Enclavada en las colinas, con impresionantes vistas al estrecho de Gibraltar y a África, esta casa de piedra restaurada con mucho cariño es un pequeño paraíso para los amantes de la naturaleza y los animales.
Rodeado de caballos, burros, vacas y los tres encantadores perros de Inga, experimentarás una especie de naturaleza domesticada, armoniosa, tranquilizadora y profundamente relajante. Te sentirás como si estuvieras en medio de la nada, pero estarás cerca de todo: hermosas playas y la vibrante Tarifa se encuentran a poca distancia en coche.

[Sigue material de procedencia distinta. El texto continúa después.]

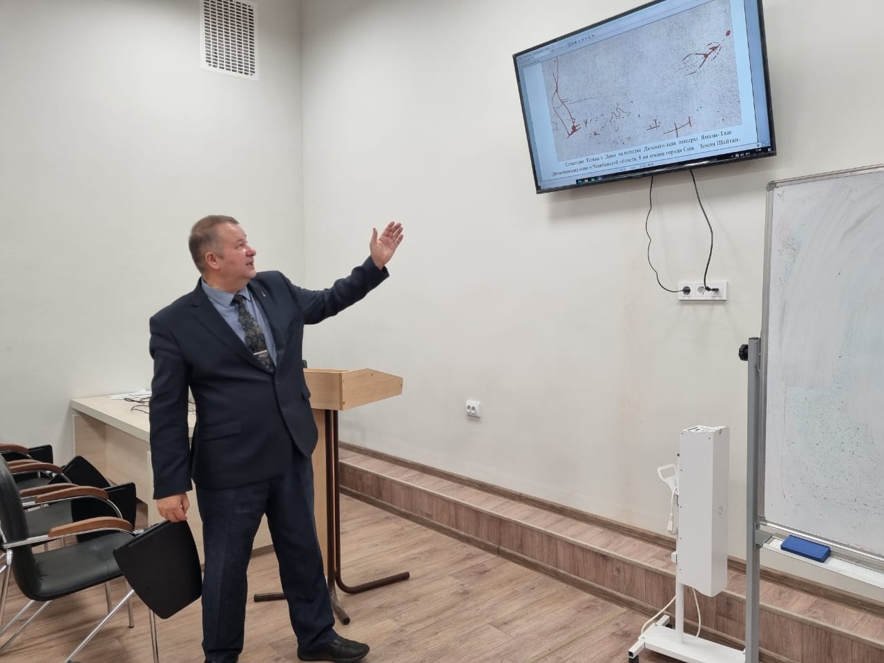 Далее Айрат Багаутдинов познакомил школьников с миром академической науки и рассказал о деятельности научной лаборатории «Семиотические исследования». Одним из успешных результатов деятельности лаборатории является дешифровка древних знаков на стенах пещер Шульган-Таш Башкортостана и Игнатиевская Челябинской области. Гости ознакомились с гипотезой древнего солнечного и лунного календарей на стенах пещеры Шульган-Таш. Школьники с большим интересом рассматривали демонстрируемые на слайдах рисунки мамонтов, шерстистого носорога и лошадей. Ребята задавали вопросы и узнавали много нового для себя о первобытном искусстве.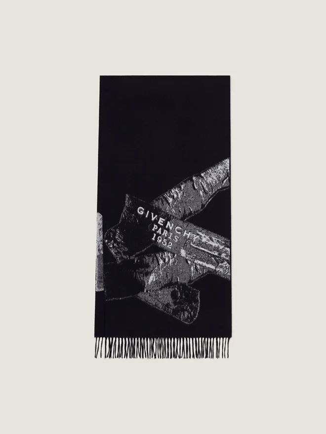 Scarf in Cashmere. Givenchy Tape Jacquard. Fringed Edges.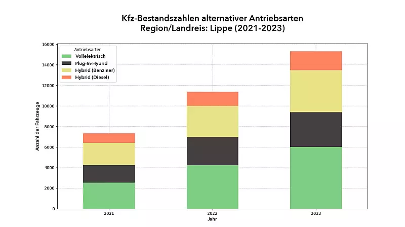 Obwohl in Lippe bei den Fahrzeugzulassungen auch ein Rückgang von Verbrennungsmotoren und eine Zunahme von alternativen Antrieben zu beobachten ist, liegt der Kreis sowohl unter den landesweiten, als auch den bundesweiten Zahlen. Das hat die Auto-Ratgeber-Seite CarWiki.de mit Zahlen des Kraftfahrtbundesamts ermittelt.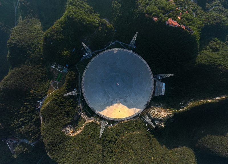 中國天眼在落日余暉中(無人機照片,維護保養(yǎng)期間拍攝,2024年9月25日攝)。新華社記者 劉續(xù) 攝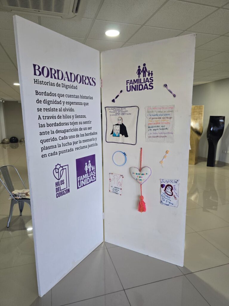 Cada puntada representa un acto de amor y de búsqueda. Los hilos se convierten en un lenguaje que narra lo que muchas veces las palabras no alcanzan a decir: la esperanza, la exigencia de verdad y justicia, y la fuerza de quienes siguen caminando para encontrar a sus seres queridos.

Esto no es lujo, es autenticidad, sencillez y alma.
Una casa de piedra única con una pequeña y mágica habitación en la torre con cama doble y una romántica escalera de caracol.
Para las familias, hay dos camas individuales en la casa contigua junto a la cocina. Cuando se aloja en pareja, este espacio se convierte en una acogedora sala de estar, perfecta para leer, relajarse o disfrutar de una velada tranquila.
Durante los meses de invierno, la sala de estar resulta especialmente acogedora gracias a la chimenea de pellets, que crea un ambiente cálido e íntimo. La cocina y el comedor interior están totalmente equipados con todo lo necesario para una estancia confortable.
En los meses más cálidos, la vida se traslada al aire libre. Disfrute de largas tardes con la barbacoa y las zonas de comedor al aire libre a la sombra, relájese en la hamaca o tome el sol en las tumbonas. ¿Qué más se puede pedir?
La propietaria es una fabulosa profesora de yoga con muchos años de experiencia y ofrece clases en el precioso pabellón de yoga o sobre la hierba, una forma realmente especial de empezar el día, rodeado de naturaleza.
Decorada con mucho cariño y llena de carácter, la casa combina el encanto rústico con el confort moderno. Estás cerca de los elementos (el viento, las puestas de sol, los amplios cielos), pero siempre cómodamente protegido.